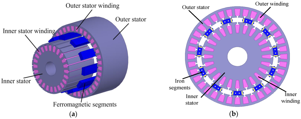 Structure of the DSFM motor with an iron segment rotor: (a) 3D model; and (b) 2D model.
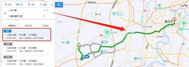 你看,从重庆新机场重庆璧山区正兴镇,到重庆主城区的解放碑步行街,走渝昆高速、成渝环线高速,最快需要1小时12分,如果打车,至少需要149元!
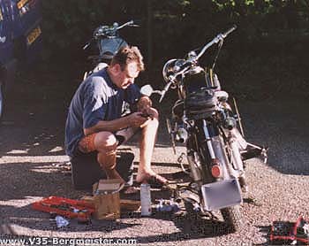 Die Sonne lacht, die Gashand erwacht, aber vorher wird an diesem Morgen an der Thesing- und an der Keller-V35 Inspektion gemacht. Schließlich ist bei der Keller-V35 die "Erstinspektion" längst überfällig. Start ist um 10.30 Uhr und genau eine Stunde später folgt der erste "technische Halt" des Tages, als bei der Stadtdurchfahrt von Meran an der Sprenger-V35 die Ladekontrolle wild aufflackert. Die Servicebus-Mannschaft, in der Person von Heiner wieder um 100 Prozent verstärkt, arbeitet sofort mit Hochdruck, und die Frage nach den originalen Victoria-Ersatzteilen wird wie immer mit dem Satz beantwortet: In irgendeiner von den grauen Kisten. Glücklicherweise musste keiner die fünf grauen Kisten durchwühlen, deren Packsystem bis zum Schluss der Tour keiner so richtig verstanden hat, denn der plötzliche Spannungsverlust kam von dem abgeschüttelten Kabel an Klemme 51, was nach dem Entfernen des Limadeckels sofort auffiel.
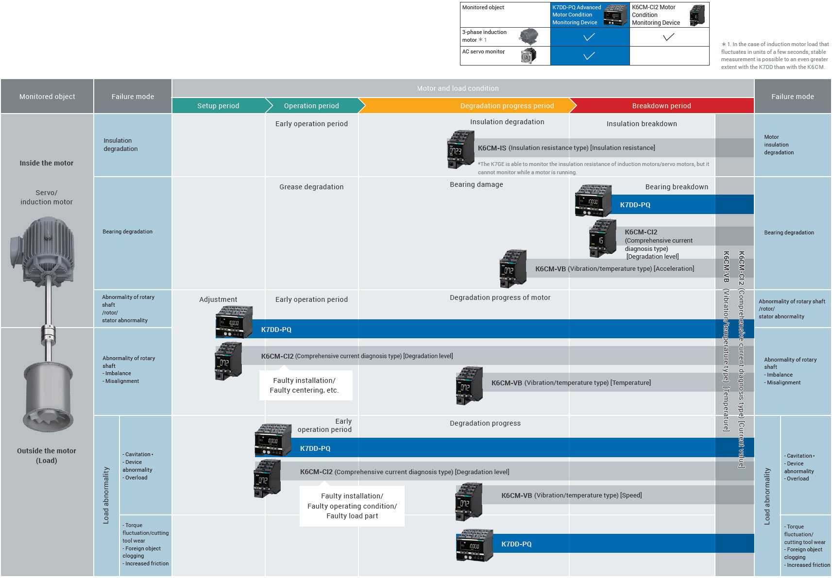 OMRON's condition monitoring devices for motor include the K6CM motor condition monitoring device and the K7GE-MG insulation resistance monitoring device. These application coverage and effects of these devices vary, so use the respective devices that are suited to your equipment and the applications you want to run. With the K7DD, you can select the effective feature values for each failure mode and failure part, enabling failure parts to be identified.
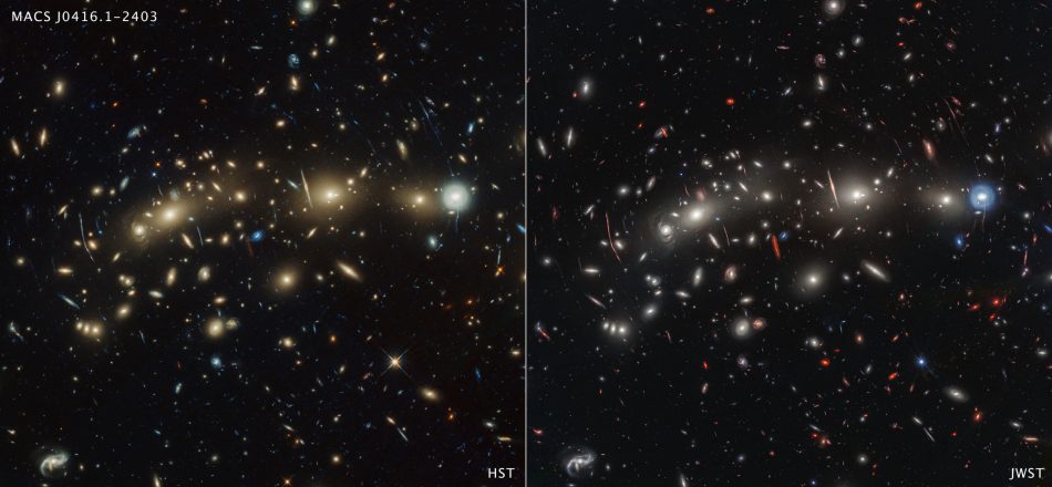The Hubble Space Telescope (HST) and the James Webb Space Telescope (JWST) were used to observe the MACS0416 galaxy cluster in the constellation Eridanus, which is over 4 billion light-years away. The JWST’s light-gathering area is approximately 5.6 times larger than that of the HST, enabling it to collect 5.6 times more photons in the same amount of time as the HST. To obtain the two almost identical images below, the JWST observed for 22 hours, while HST required 122 hours, which is 5.5 times longer than the JWST observation, as expected.[1]

WHAT THIS TASK INVOLVES -
What you return should be only the exact lines from the top of the entries through the line with "你看,从重庆新机场重庆璧山区", minus the pictures.

ANSWER BOX -
 Structure of the DSFM motor with an iron segment rotor: (a) 3D model; and (b) 2D model.
 你看,从重庆新机场重庆璧山区正兴镇,到重庆主城区的解放碑步行街,走渝昆高速、成渝环线高速,最快需要1小时12分,如果打车,至少需要149元!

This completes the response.